## Assigned task
Omit the pictures, and output the rest of the entries exactly as written.
------ Given data ------
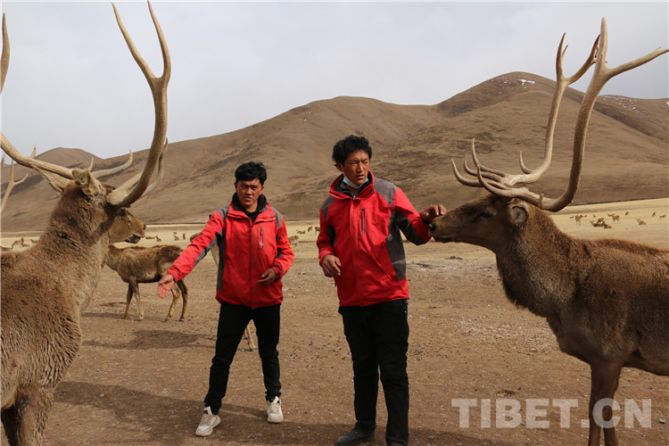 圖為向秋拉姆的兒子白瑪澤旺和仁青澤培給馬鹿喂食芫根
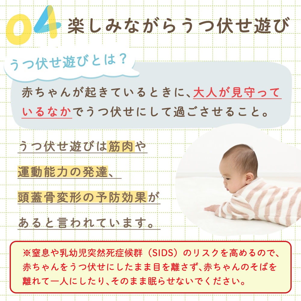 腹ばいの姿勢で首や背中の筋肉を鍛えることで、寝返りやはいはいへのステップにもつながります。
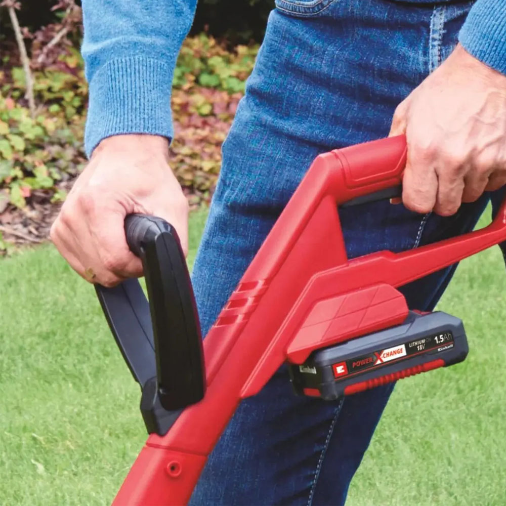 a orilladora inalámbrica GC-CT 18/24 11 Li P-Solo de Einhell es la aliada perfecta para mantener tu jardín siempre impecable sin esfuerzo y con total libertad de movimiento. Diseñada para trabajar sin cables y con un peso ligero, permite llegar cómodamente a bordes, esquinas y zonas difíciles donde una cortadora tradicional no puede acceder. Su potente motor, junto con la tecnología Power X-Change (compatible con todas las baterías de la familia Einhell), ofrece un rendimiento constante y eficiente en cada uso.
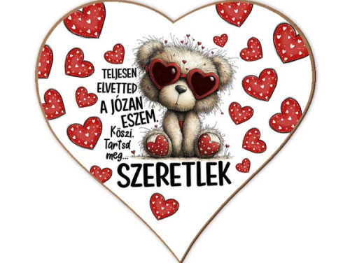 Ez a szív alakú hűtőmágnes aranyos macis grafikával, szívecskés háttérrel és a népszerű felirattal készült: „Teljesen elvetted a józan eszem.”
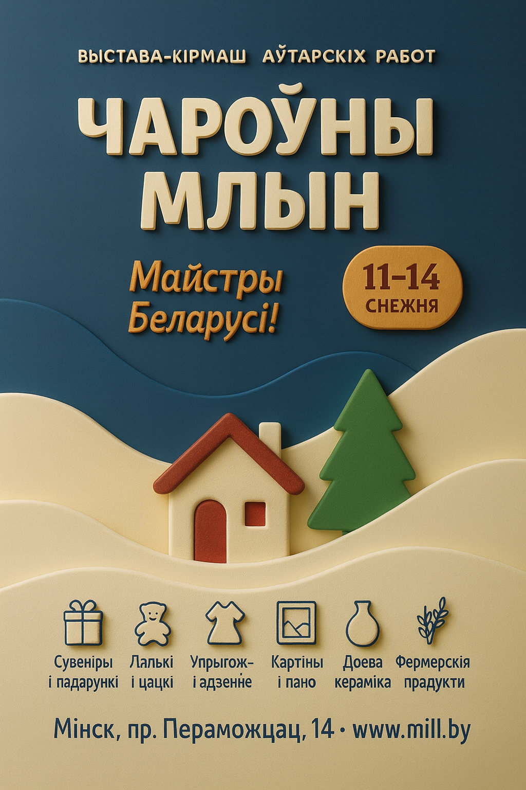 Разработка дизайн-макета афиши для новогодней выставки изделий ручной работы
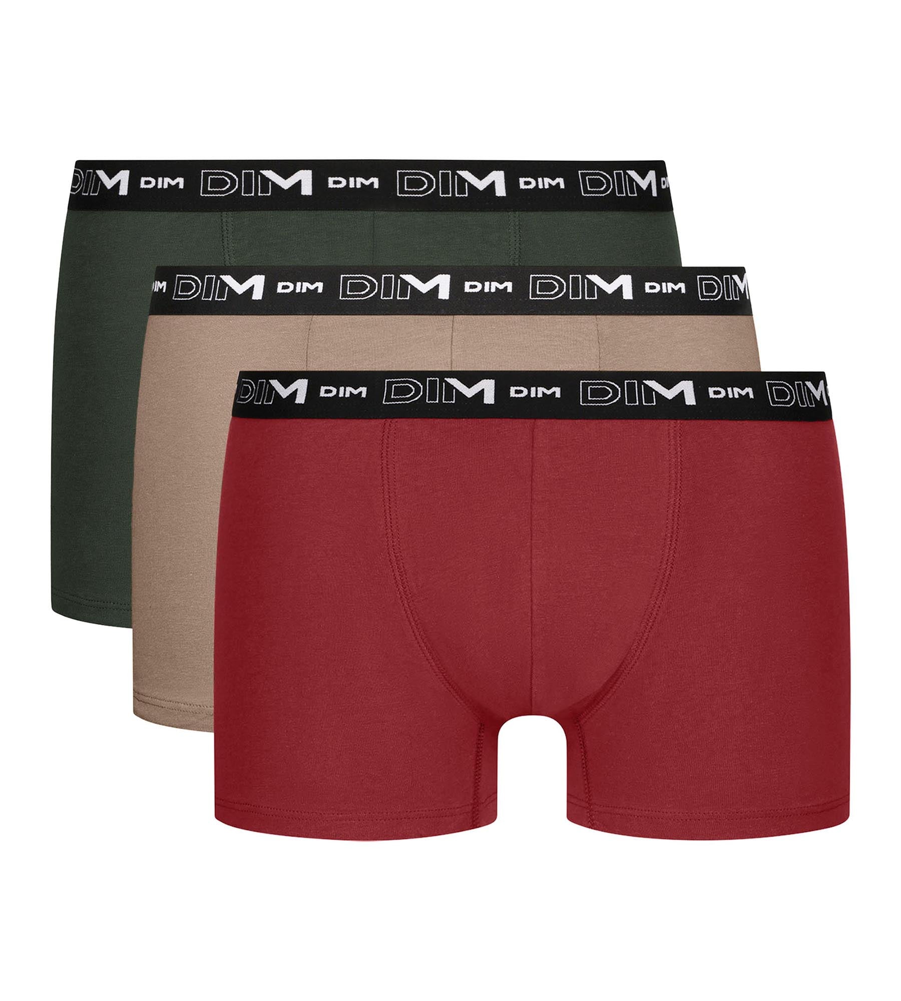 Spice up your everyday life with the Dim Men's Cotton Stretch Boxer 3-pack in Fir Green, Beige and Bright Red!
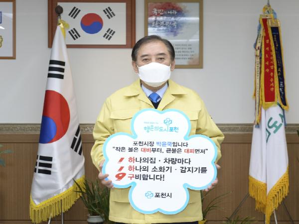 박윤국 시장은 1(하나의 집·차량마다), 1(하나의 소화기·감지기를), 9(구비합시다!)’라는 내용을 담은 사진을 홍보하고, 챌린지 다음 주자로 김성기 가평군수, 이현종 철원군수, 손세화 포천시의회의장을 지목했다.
------
## Finished exercise
 圖為向秋拉姆的兒子白瑪澤旺和仁青澤培給馬鹿喂食芫根
 腹ばいの姿勢で首や背中の筋肉を鍛えることで、寝返りやはいはいへのステップにもつながります。
 a orilladora inalámbrica GC-CT 18/24 11 Li P-Solo de Einhell es la aliada perfecta para mantener tu jardín siempre impecable sin esfuerzo y con total libertad de movimiento. Diseñada para trabajar sin cables y con un peso ligero, permite llegar cómodamente a bordes, esquinas y zonas difíciles donde una cortadora tradicional no puede acceder. Su potente motor, junto con la tecnología Power X-Change (compatible con todas las baterías de la familia Einhell), ofrece un rendimiento constante y eficiente en cada uso.
 Ez a szív alakú hűtőmágnes aranyos macis grafikával, szívecskés háttérrel és a népszerű felirattal készült: „Teljesen elvetted a józan eszem.”
 Разработка дизайн-макета афиши для новогодней выставки изделий ручной работы
 Spice up your everyday life with the Dim Men's Cotton Stretch Boxer 3-pack in Fir Green, Beige and Bright Red!
 박윤국 시장은 1(하나의 집·차량마다), 1(하나의 소화기·감지기를), 9(구비합시다!)’라는 내용을 담은 사진을 홍보하고, 챌린지 다음 주자로 김성기 가평군수, 이현종 철원군수, 손세화 포천시의회의장을 지목했다.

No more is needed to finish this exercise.